(It is awfully hard to write a decent review with a Siamese cat sitting on your mousepad and a terrier licking your pant leg ever so tenderly/persistently, but I will try my best…)
It’s a rare book that makes me want to rush out and read everything else that the author has ever written (including archived blog posts). Are you searching for a story that is fun, suspenseful, a little strange, and packed with dry humor? Well, you’ve got it all right here. Maureen Johnson’s devilish is so good. It’s just so good. Read this:
My sister, Joan, was picking all of the green and orange pieces out of her bowl of Froot Loops when I came downstairs. Spread out in front of her were some books and papers. Joan never actually did her homework. I’m not sure Joan actually knew that she was supposed to do it – I think she may have been under the impression that she was just supposed to watch over it for the night and make sure nothing happened to it. Every morning, she took it out and checked to make sure that every page was as blank, every problem was as undone, and every answer was just as unwritten as when she’d first taken it under her wing.

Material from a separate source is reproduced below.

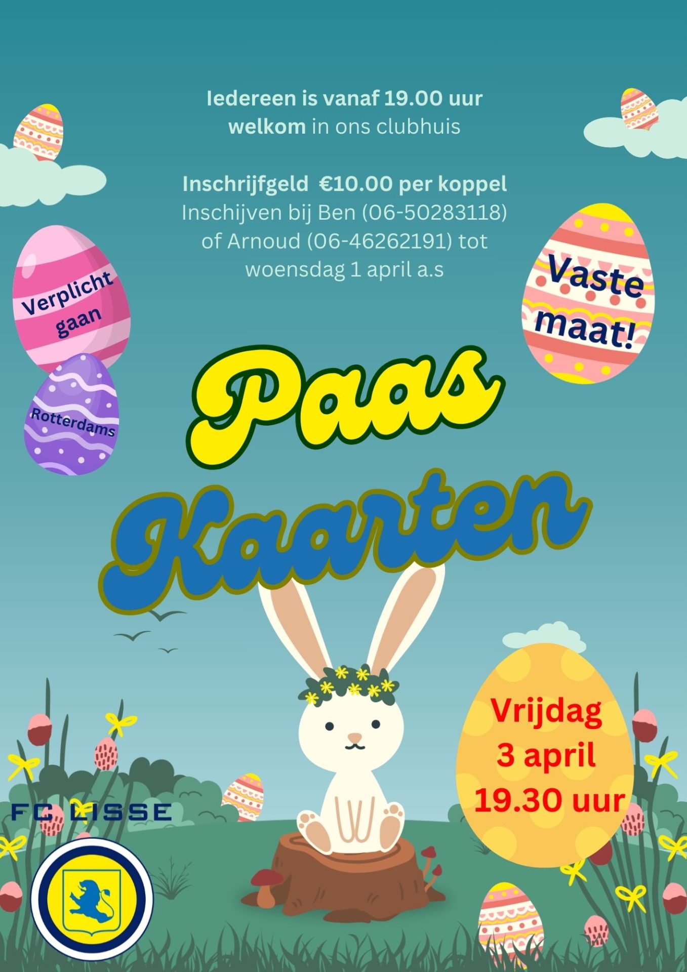 Inschrijven vooraf tot uiterlijk woensdag 1 april a.s. via Ben Kortekaas (06-50283118) of Arnoud Kool (06-46262191). Per mail kan ook via facilitair@fclisse.nl

Funny, yes? devilish is loaded with funny bits. I like funny. I don’t think it would be possible to read this book and not feel perked up, renewed, and ready to face your bedside stack of Sad Teenager Novels.
Jane Jarvis and her best friend Allison Concord are not the most popular girls at Saint Teresa’s Preparatory School for Girls. They’re quirky and they’re happy enough that way – or at least Jane is. When the devil shows up at Saint T’s, Allison is ready to give up everything – even her soul – in order to join the ranks of the cool. Jane must keep her head if she is going to outwit the “representative of the Satanic High Command, Hearth of the Cold and All-Consuming Fire, Destroyer of Worlds, Consumer of Souls, Taker of the Life Breath…” Does she do it? Read the book, my friends. Read the book. I think it’s refreshing to read a wholly enjoyable, romp of a story, no strings attached. I liked experiencing a story without feeling like the author is trying to show me The True Meaning of Life or teach me a Deep, Heartbreaking Lesson. This is not to imply that Johnson’s book is fluff. No, no, no. You’ll find only sharp, sophisticated writing between these covers, and a host of characters you’d follow into a sequel in a flash.
So treat your jaded, seen-it-all soul to a little devilish deliciousness. (It’s every bit as satisfying as that perfect pink cupcake, I promise).